329 Эжен Делакруа. Нападение арабской конницы.,1832.
Холст, масло. 60 х 73,2 см.
Монпелье, Музей Фабра.
330 Жан-Батист Камиль Коро. Тиволи, сады виллы д'Эсте.1843.
Холст, масло 43,5 х 60,5 см.
Париж, Лувр.
Делакруа приветствовал картину Констебла в Париже (стр. 495, илл. 325),хотя сам он — по личным качествам и интересу к романтическим сюжетам — был, скорее, ближе к Тернеру. Тем не менее известно, что Делакруа интересовался творчеством французского пейзажиста своего поколения, чье искусство стало своего рода мостиком между двумя противоположными подходами к натуре. Этим пейзажистом был Жан-Батист Камиль Коро (1796–1875). Подобно Констеблу, Коро начал со стремления воспроизводить окружающий мир со всей правдивостью, на какую был способен. Однако правда, которую Коро пытался воссоздать, была совершенно иной. Как показывает илл. 330,в стремлении передать жару и неподвижность южного летнего дня Коро концентрируется не столько на деталях, сколько на передаче общего впечатления, единой тональности и формы изображаемого мотива.

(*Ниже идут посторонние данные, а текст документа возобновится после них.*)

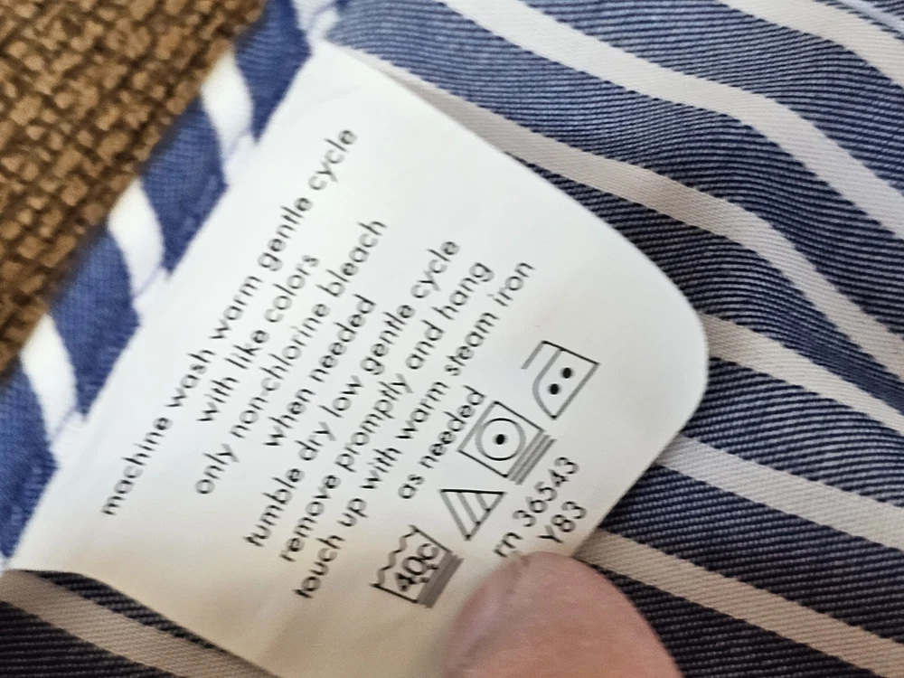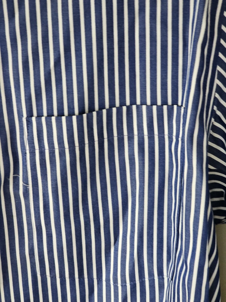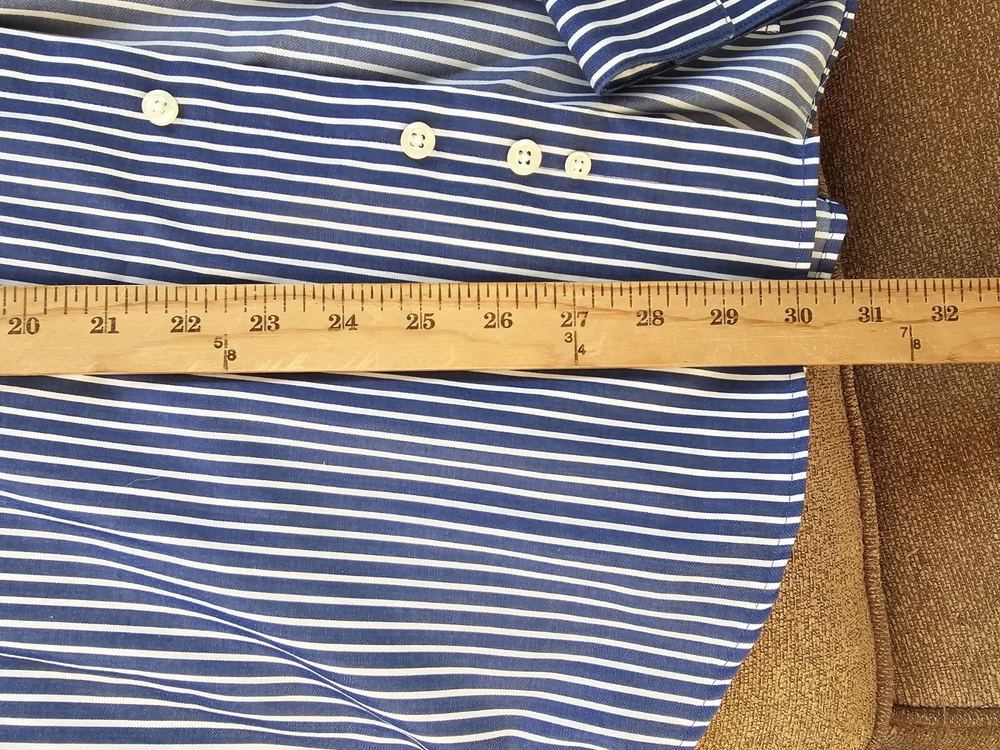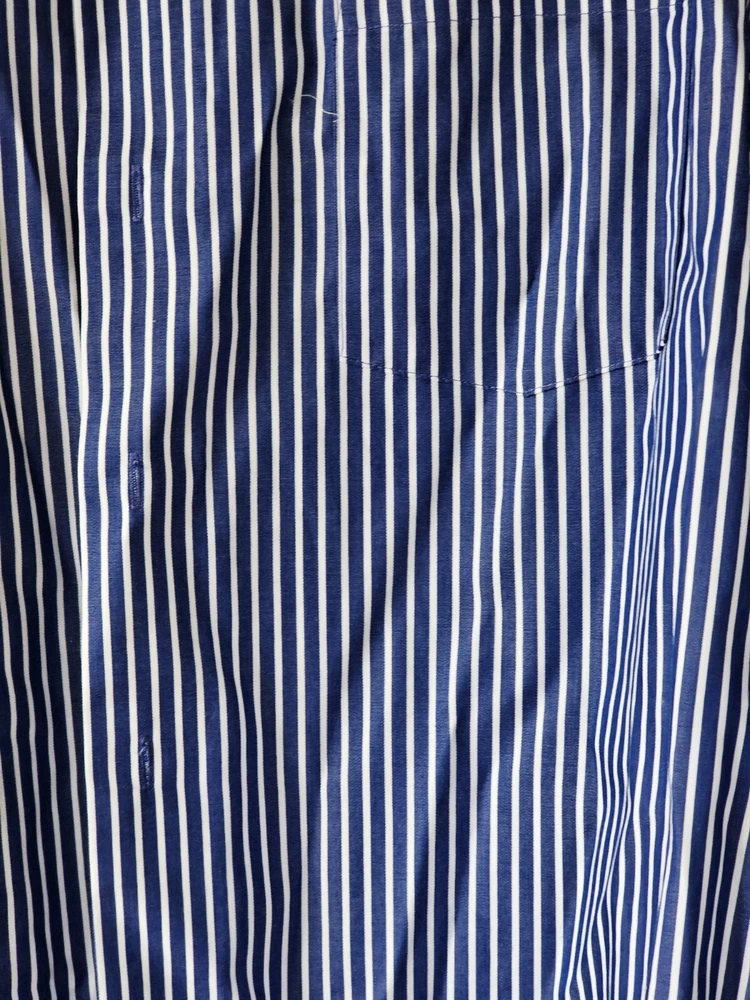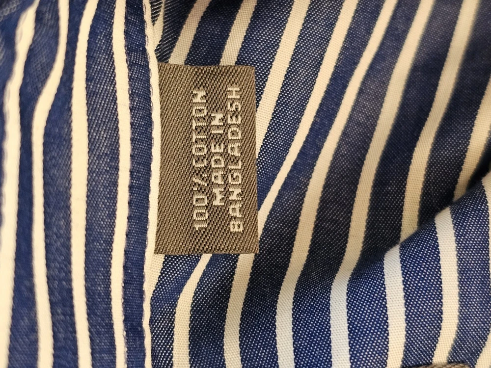 This is a men's dress shirt from Kenneth Cole Reaction in size Large. It features blue and white stripes, a collared neckline with a button-down style, and long sleeves with button closures. The shirt is made of 100% cotton and has a regular fit. The model is classic and the shirt was made in Bangladesh.

По случайному совпадению примерно за сотню лет до этого Фрагонар также рисовал парк виллы д'Эсте, что возле Рима (стр. 473, илл. 310),и, очевидно, нам стоит на минуту задержаться, чтобы сравнить эти произведения. Тем более что со временем в искусстве XIX века пейзажная живопись становится одним из важнейших жанров. Ясно, что если Фрагонар искал разнообразия, то Коро — ясности и равновесия. В этом смысле он отдаленно напоминает нам Пуссена (стр. 395, илл. 254)и Клода Лоррена (стр. 396, илл. 255),однако сияющий свет и воздух, которые наполняют картину Коро, переданы совершенно иными средствами. Здесь сравнение с Фрагонаром может нам помочь, поскольку техника, в которой работал Фрагонар, заставляла его концентрироваться на точной градации тонов. Как рисовальщик, он имел в своем распоряжении лист белой бумаги и различные оттенки коричневой сангины, но взгляните, к примеру, на стену на первом плане и вы увидите — этого вполне достаточно, чтобы передать контраст между тенью и солнечным светом. Того же эффекта Коро достиг, используя возможности своей палитры, а художники знают, что это немалое достижение. Дело в том, что цвет часто вступает в противоречие с тональными градациями, с помощью которых Фрагонар строил свой образ.